On the other hand, if you live in the desert, summer has just the opposite effect. Desert dwellers spend much of their summer indoors, making the most of mornings and perhaps evenings when we can, and otherwise spending a lot of time poolside if we’re going to be outside much at all. Pilots get all the VFR weather they want, but heat ensures that early mornings are the rule; flying on a 118-degree afternoon is possible, but contains a distinct lack of  comfort.

So, the “end” of summer is something desert dwellers obsessively anticipate. Cabin fever works the same as in northern climates, but in reverse; we wait impatiently for cooler temperatures to release us from our air-conditioned confines, and when it doesn’t happen, we get a little uptight. Testy, one could say.

Our predominate weather pattern this summer was a persistent ridge parked over the intersection of Arizona, Utah, and Nevada. Instead of sticking around for a few days, they tended to hover for weeks at a time, baking the landscape in a seemingly never ending string of record high temps. Instead of breaking up in late September, they persisted right up into early November. Our late-summer cabin fever was acute this year; we might get a couple of moderate days with a frontal passage, then we’d be right back to 2-3 weeks of 10 degrees above-normal. Now that it’s almost mid-November, we’re crossing our fingers that it’s finally behind us.

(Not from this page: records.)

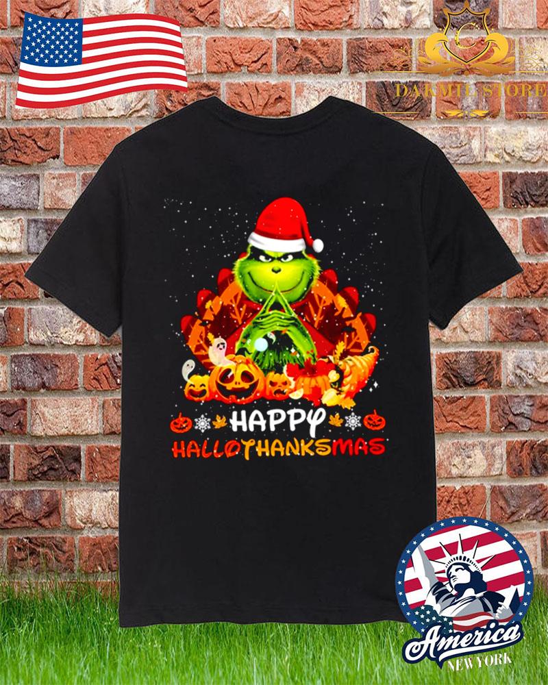 Grinch Halloween Thanksgiving Christmas Happy Hallothanksmas Shirt For Men and Women
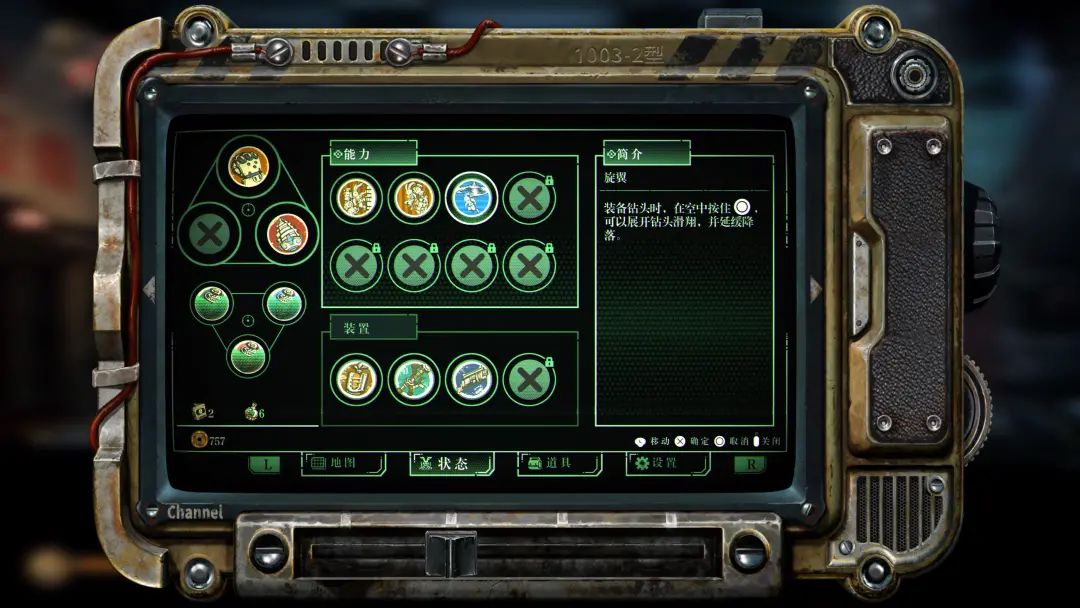 除了巨拳、鑽頭、電鞭這三件武器裝備外,游戲也提供了許多額外的成長性收集品與技能樹供玩家獲取。
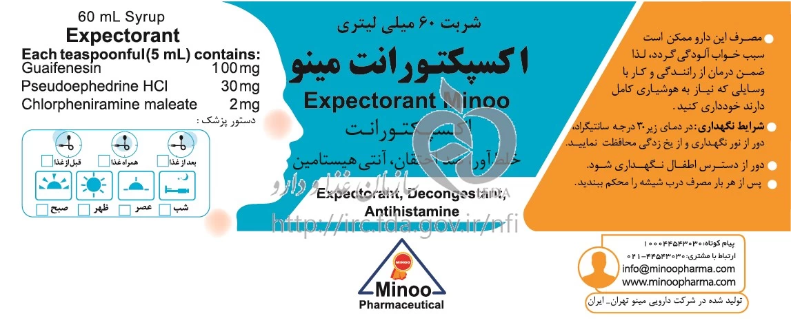 اکسپکتورانت مینو شربت خوراکی 100 mg/2 mg/30 mg/5mL 60MILLILITER

So, I’ve done very little fun flying over the past several months. Usually, I get a flying camping trip or two to a cooler place, but circumstances conspired to prevent that happening this year. My own airplane has only flown 18 hours since it’s annual inspection in mid-May when I returned from the first AK trip. Sure, I’ve done quite a bit of early-morning instruction, but simple fun flying has been pretty thin.

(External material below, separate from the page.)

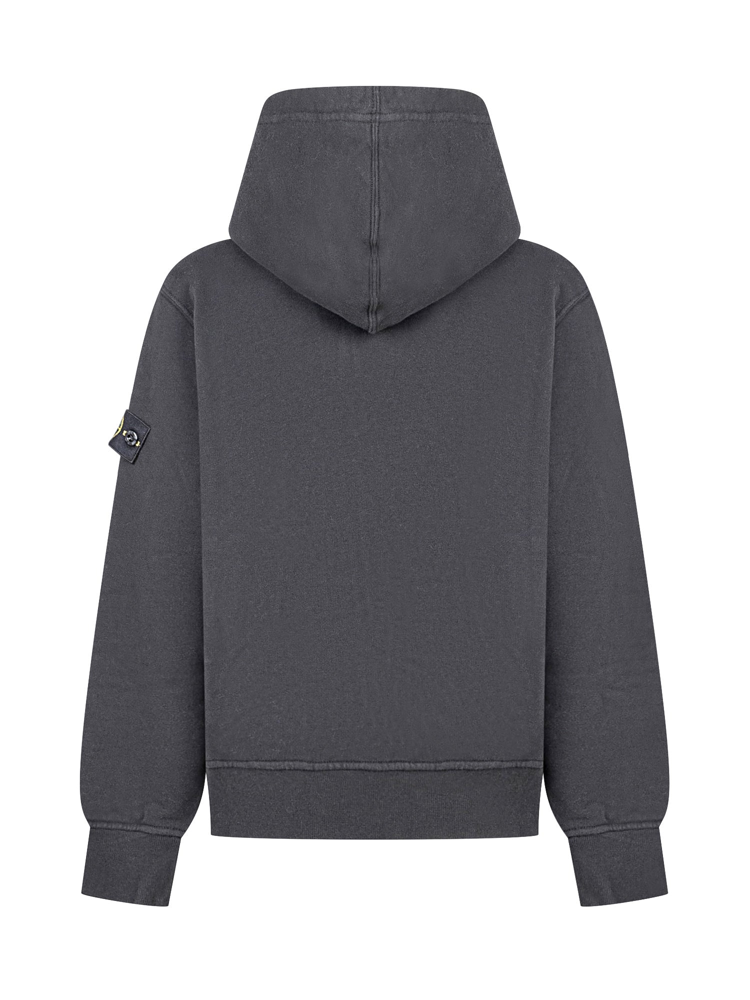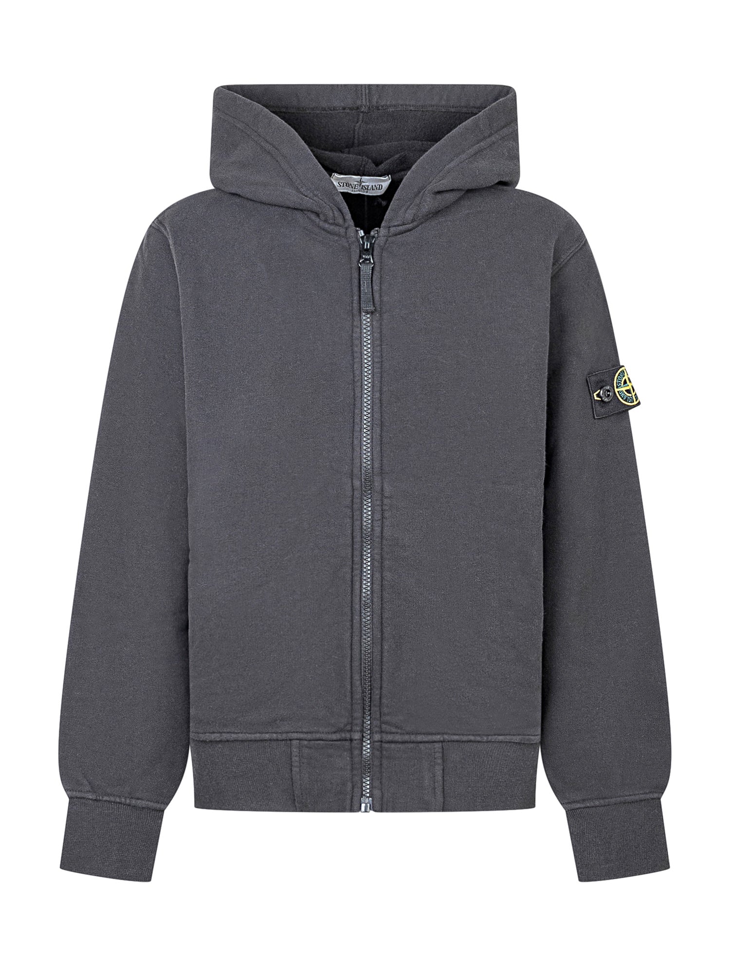 Stone Island Kids grey cotton hoodie with zip closure, hood and iconic sleeve logo patch.

Last weekend, an unexpected convergence of moderate temps, a few spare hours, and a fully functional airplane all made for my first opportunity since March for a “just for the fun of it” flight; 3 hours of VFR cruising on a simple quest to find whatever fall color I could locate. What few photos I took are included:

Now that reasonable weather is finally here, I hope to have the opportunity for more of this in the next 3-4 months before the inexorable return of summer heat. Stay tuned…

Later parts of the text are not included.